1800 Felice Corne (1752–1845) Ezekiel Hersey Derby Farm near Salem, Massachusetts. Here is a combination of wooden fences & stone walls.
In 1800, Abigail Adams described the Peacefield, estate of John Adams, Quincy, MA, “the President has authorised me to have a number of Lombardy poplars set out opposite the house near the wall which was new just two years ago. . . he says he will have them extended from the gate. . . to the corner.”
1800 An Over-mantle from the Gardiner Gilman House in Exeter, New Hampshire. This painting shows a combination of wooden fencing & stone walls.
"We are also going to build a wall to the north and west of the garden, beginning at the wash-house and going alongside the orchard...We also need a house for the cattle. We won't stop making bricks until we have 170,000. You can see that we don't lack for work, which takes all my time.

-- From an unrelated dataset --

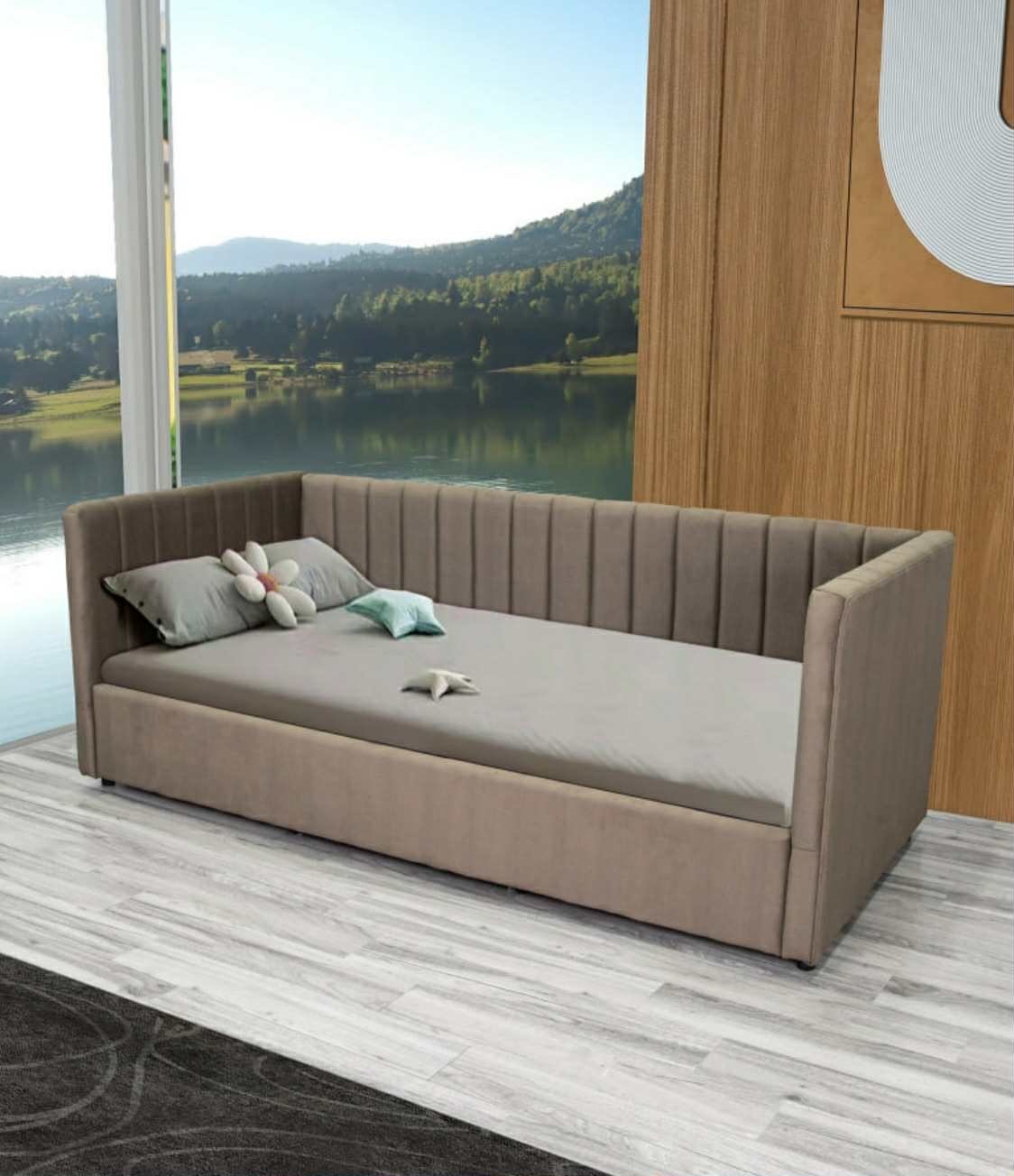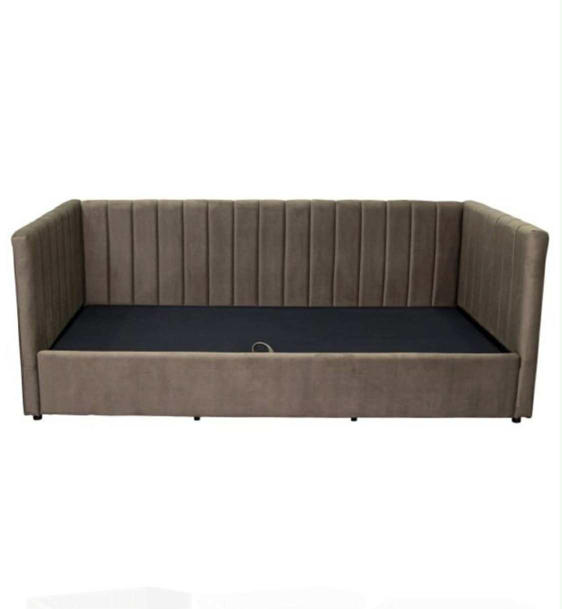 Viengulė lova -kušetė– stilingas, patogus ir funkcionalus baldas, tiesiog sukurtas kokybiškam poilsiui. Tokia lova puikiai tiks paauglio miegamajame arba vienam miegančiam žmogui – 90×200 cm miegamoji erdvė suteiks pakankamai vietos geram miegui.Savybės: Dekoratyvinis dizainas: Abi lovos atramos puoštos vertikaliomis siūlėmis, kurios suteikia baldui subtilaus rafinuotumo. Prabangus veliūro audinys: Lova aptraukta minkštu ir elegantišku veliūriniu audiniu, kuris yra ne tik malonus liesti, bet ir suteikia išskirtinį stilių. Šis audinys yra draugiškas gyvūnams ir lengvai valomas, todėl baldo priežiūra bus itin paprasta! Universalus kampinis dizainas: Dvi minkštos dalys gali būti sujungiamos iš bet kurios pusės, todėl lova lengvai pritaikoma įvairiems kambario išplanavimams. Talpi patalynės dėžė: Lova turi erdvią dėžę su skyriais, kurioje patogiai laikysite patalynę, drabužius ar kitus daiktus. Dujiniai amortizatoriai: Lovos pakėlimo mechanizmas su dujiniais amortizatoriais leidžia lengvai pakelti plokštę su čiužiniu ir pasiekti dėžėje laikomus daiktus. Tvirtas dugnas: Kokybiška plokštė užtikrina lovos stabilumą ir ilgaamžiškumą, todėl ji išliks patikima daugelį metų.Spalva – t. alyvuogė.Kaina nurodyta su čiužiniu.

As towns developed, brick walls occasionally separated the street front of the house from private rear utility and garden areas.
Wall Separating Public from Private City Spaces in Washington, D.C. in 1817. F Street in the District of Columbia. Baroness Hyde de Neuville.
As the influence of Humphrey Repton (1752-1818) and John Claudius Loudon (1783-1843) crossed the Atlantic, high brick walls came into disfavor. The natural landscape designers called for evergreen shrubs or fences which were nearly invisible if at all possible, posts & chains and iron railings were preferred. Repton noted, "It is hardly necessary to say, that the less they are seen the better; and therefore a dark, or as it is called, an invisible green...is the proper colour."
However, English landscape designer Humphrey Repton's (1752–1818) Business Card designed by Thomas Medland ( c.1765 – 1833) depicts Repton's open, "natural" (although well-planned!) landscape design. No fences or walls here.